As nearly everyone has no doubt heard by now, Radiohead has released its new album In Rainbows exclusively (for now) through its website. For a group of Radiohead’s commercial and critical stature, this would be news enough, but of course there’s more: The band is allowing customers to set their own price for the album, meaning that, aside from a minuscule credit card processing fee, it’s possible to download the album for free. Legally.
I preordered In Rainbows and downloaded the album when it became available the morning of October 10. I chose to pay around $10, which according to most economists, would place me somewhere between Forrest Gump and a brain-damaged squirrel on the intelligence scale, since I voluntarily paid for something that the seller was offering more-or-less for free. But as the legions of Pop Tones readers are no doubt already aware, I don’t think like an economist. Neither do a lot of other Radiohead fans, apparently. According to one British survey, the average price paid for the first million downloads (yes, the album went “platinum” in less than a week) was around $8, and only one-third of customers chose to pay nothing.

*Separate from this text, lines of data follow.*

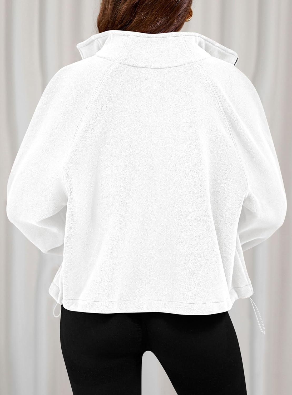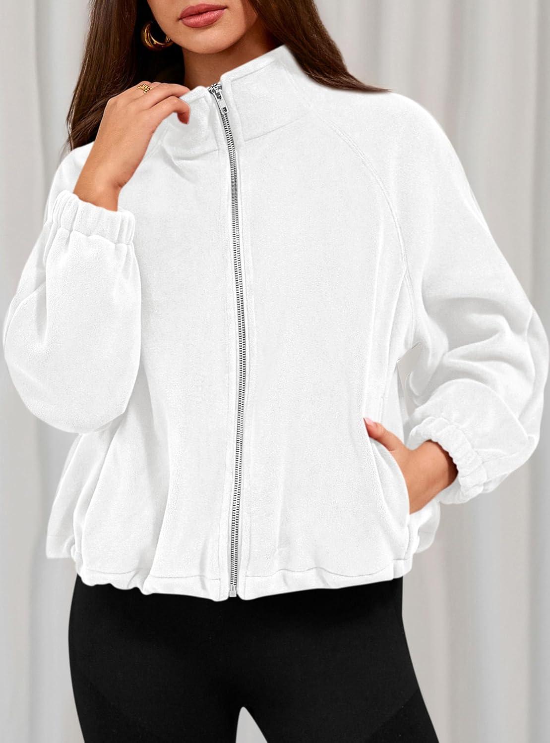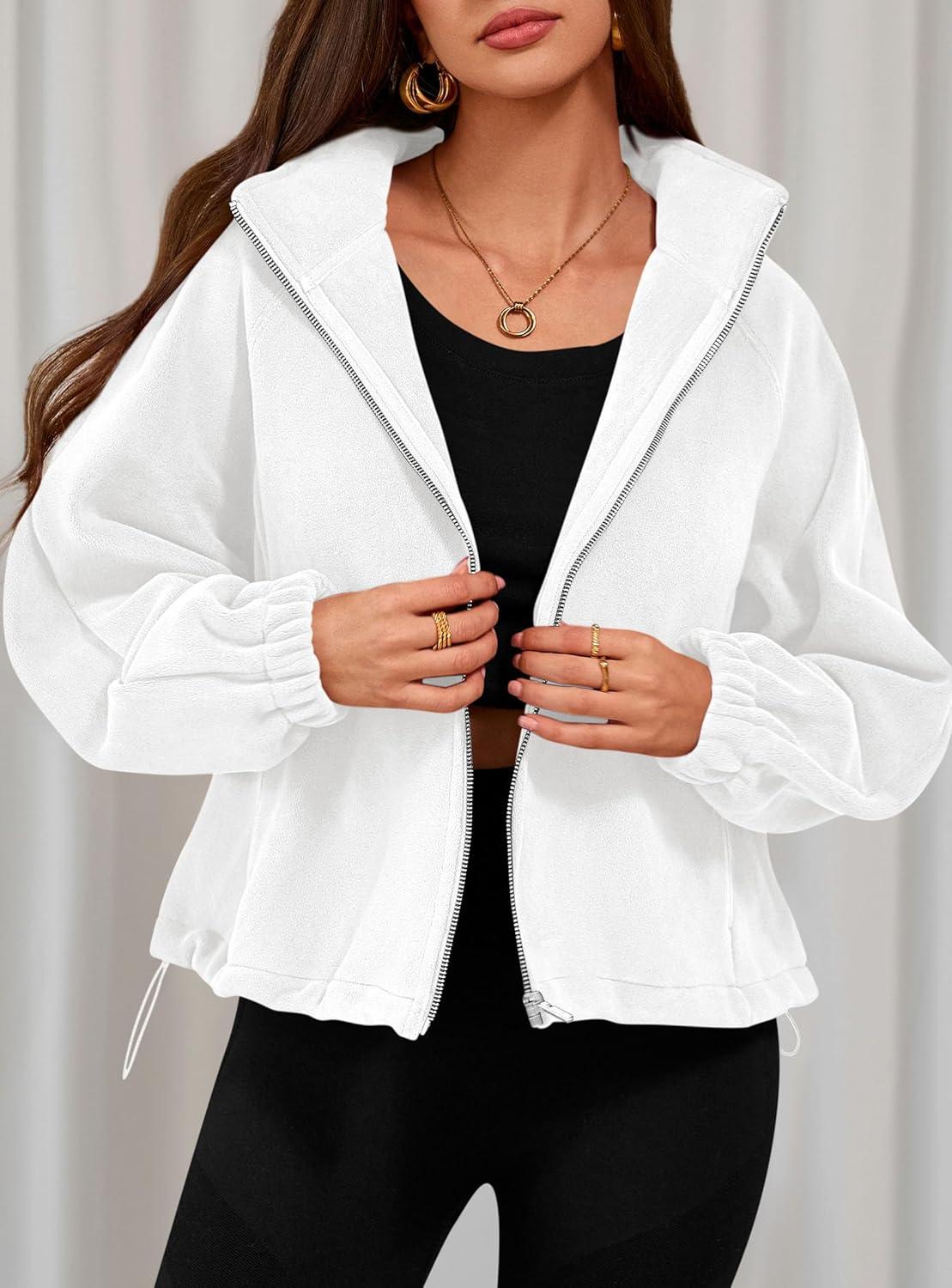 PRETTYGARDEN Womens 2025 Winter Fleece Sherpa Jacket Trendy Long Sleeve Zip Up Cropped Warm Coat Fall Fashion Workout Clothes(White)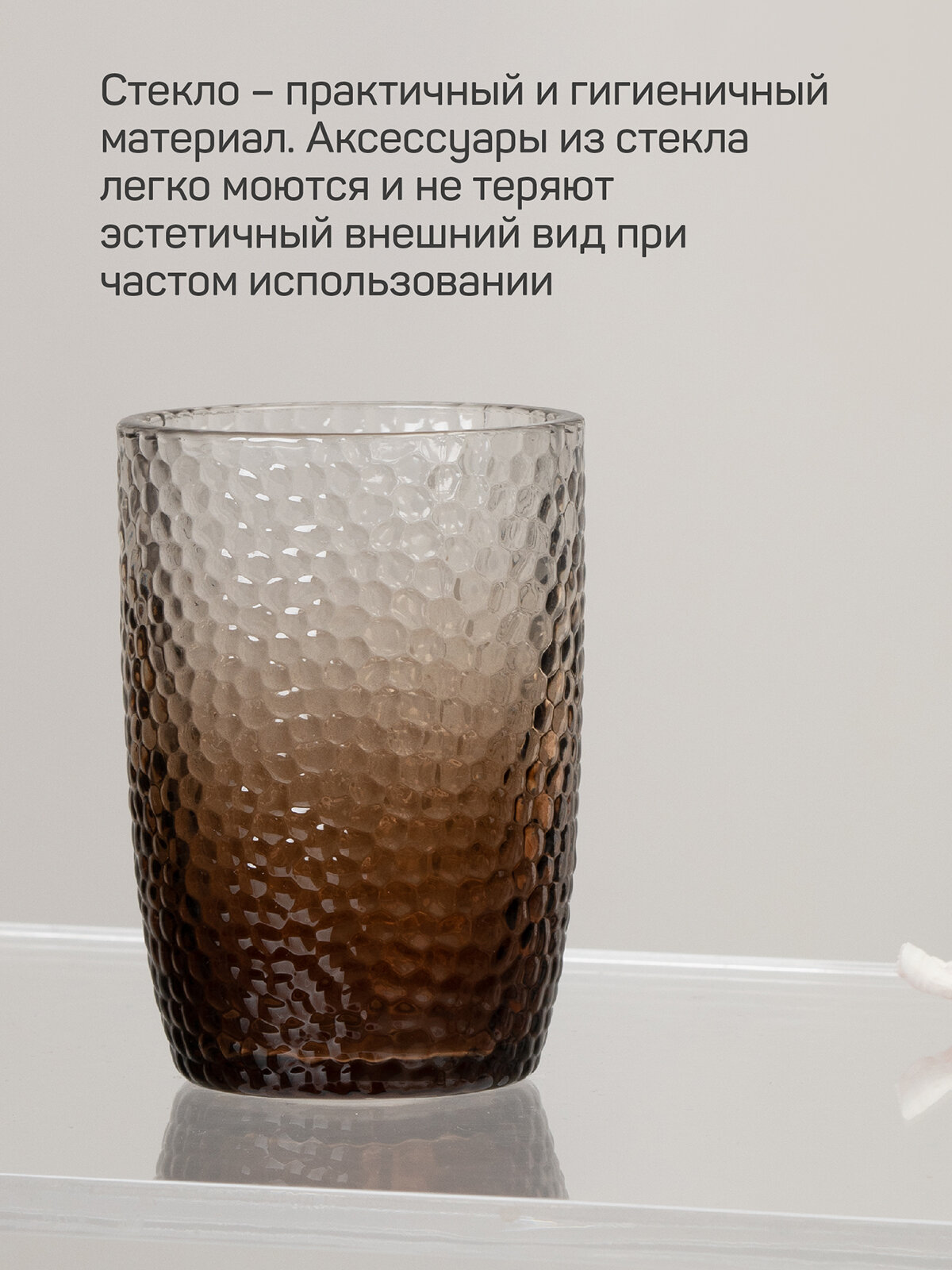 Стакан для зубных щеток из коллекции VINTAGE выполнен из прозрачного коричневого стекла повышенной прочности с рельефным рисунком.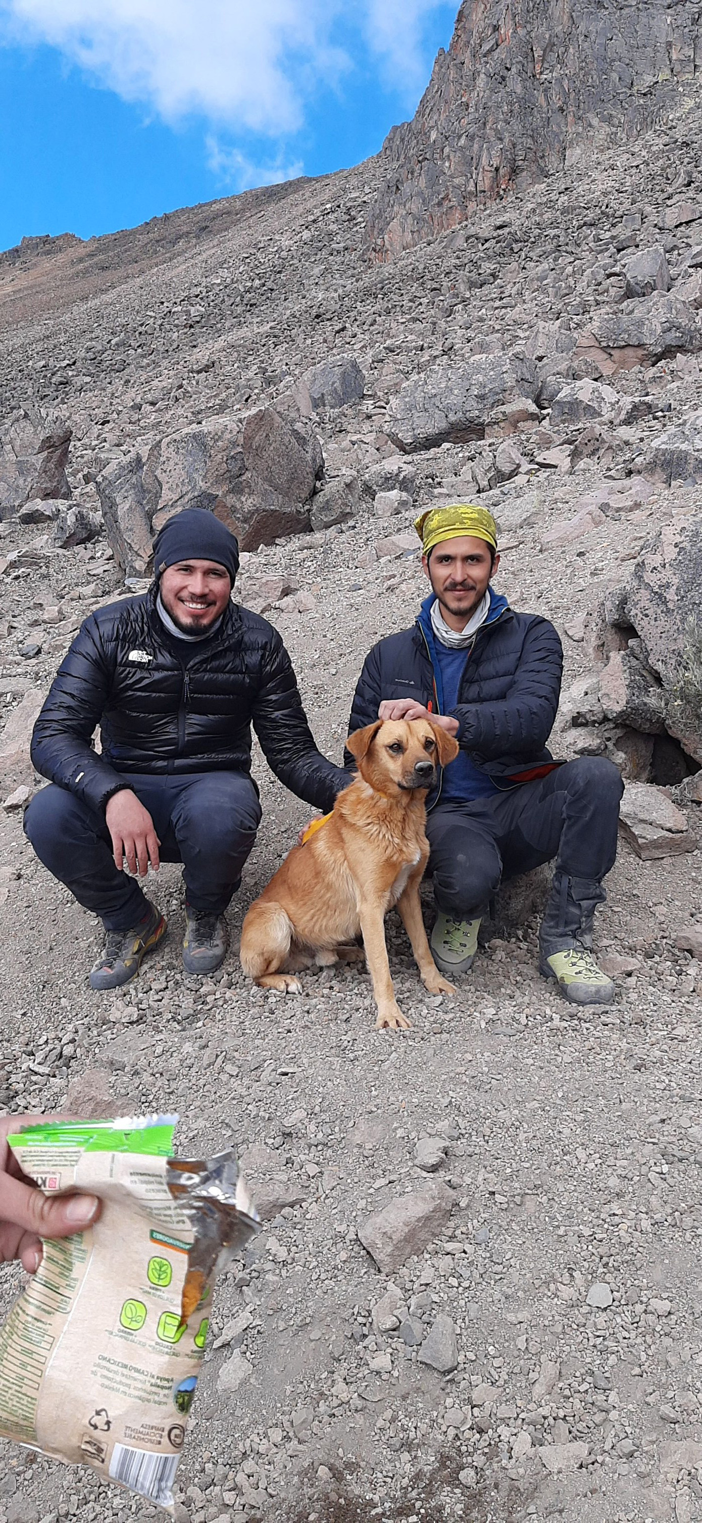 ▼從Layo分享的照片來看,El Canelo的狀態很不好,牠非常瘦弱、眼睛紅紅的,好像營養不良。其實被困山上的這段時間,El Canelo遇到過不少登山客,但牠不肯跟著下山,也不給人家抓。Layo和同伴組隊上山看到牠的身影後,給牠食物和水,努力釋出善意取得牠的信任,才找到機會把牠放進登山包。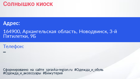 Солнышко, киоск по адресу 164900, Архангельская область, Новодвинск, 3-й Пятилетки, 9Б в дальнейшем Организация, размещена в следующих категориях: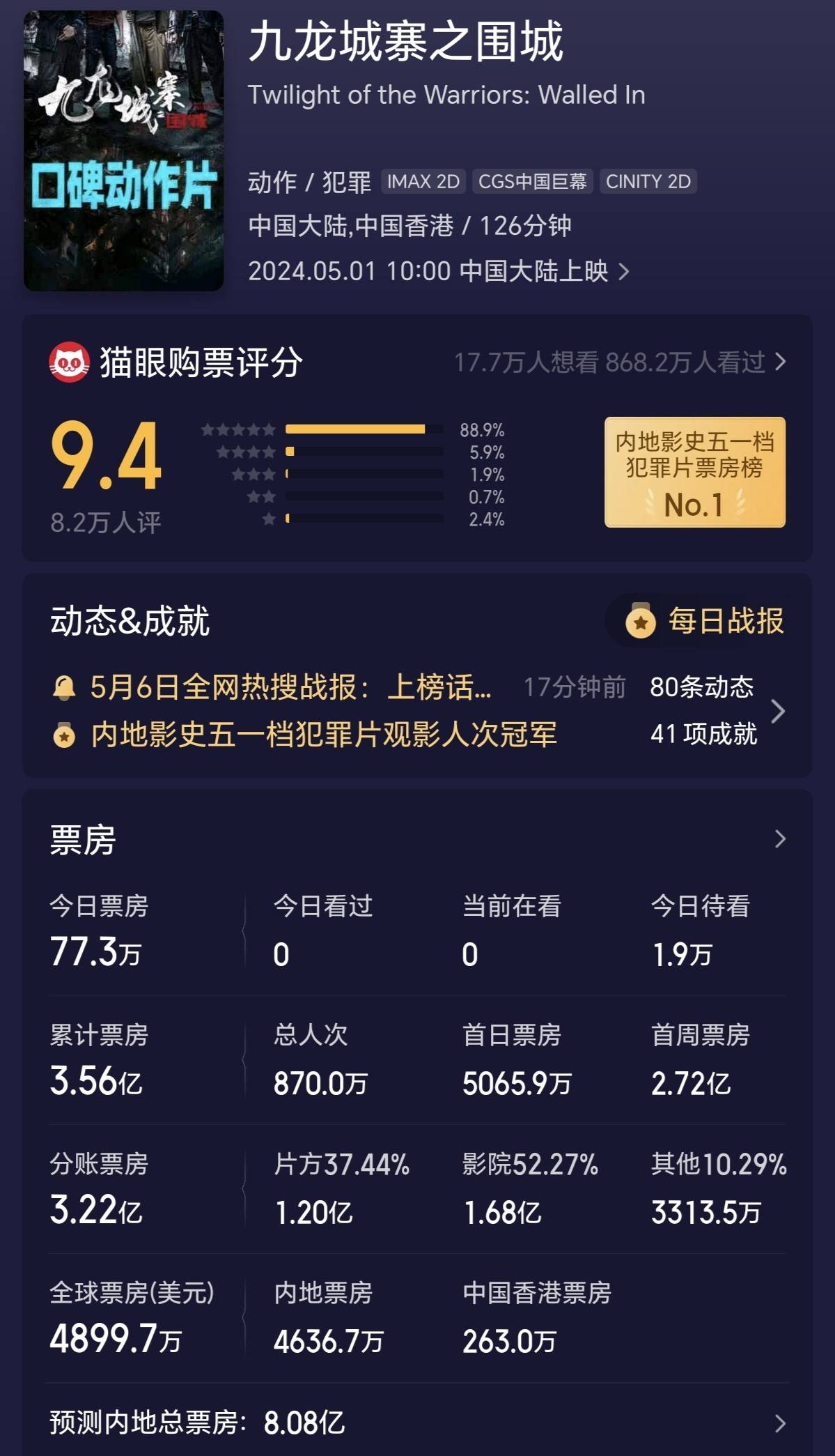 目前《九龙城寨》上座率遥遥领先,后劲相对较足,猫眼专业版预测其最终总票房可能过8亿元,超过《末路狂花钱》《维和防暴队》,成为五一档总票房冠军。

Nevertheless, I was buying something with my money, and I’m not talking about the ten songs on the album. I was buying into a new distribution model, one that has the potential to fundamentally change the way music is bought and sold. Radiohead may or may not care how much money they make from this experiment (although I predict they’ll wind up doing quite well), but if the offering is a financial success for the band—or rather, if it’s perceived as a financial success—more artists will be encouraged to emulate Radiohead by cutting out the middlemen and selling music directly to the public. (The band plans to release a conventional CD version of the album next year, but no hard date or distribution details have yet been announced.)
Why is this a good thing? For one thing, it should ultimately lead to artists earning more for their work, as well as lower prices for customers. But it's also a matter of justice: the music business is finally getting what it deserves. With the possible exception of the airlines, it’s difficult to think of another industry that has shown such callousness and hostility toward its own customers, overcharging them ridiculously for CDs and now randomly suing people who’ve chosen to rebel against this price regime through illegal downloading. Earlier this month a judge in Minnesota—apparently now ground zero for all manner of legal idiocy—awarded the industry $222,000 in a lawsuit against a woman who had allegedly downloaded 24 songs. If this seems like a reasonable decision to you, here’s a thought experiment: 24 tracks, multiplied by the 99-cent rate charged by Apple’s iTunes store for legal downloads, comes to $23.76 worth of “stolen” merchandise. If someone were convicted of shoplifting $23.76 worth of merchandise from a discount store, would you consider a $222,000 fine to be an appropriate punishment? Unless you can honestly answer “yes” to this question, you now have some sense of the warm feeling I get every time I read a news story about how much money the music industry is losing because of illegal downloading. It’s satisfying to see the public exacting some revenge on the industry, and doing so in the only terms it understands.
Of course the labels are fond of responding to complaints about their high prices and recent litigiousness by saying they’re merely protecting the interests of their artists—an argument that would carry a lot more moral weight were it not for the fact that most artists with major-label record deals make only about a dollar for every CD sold, and many end up in the hole once promotional costs are recouped. For a lot of these musicians, $8 an album might not sound so bad.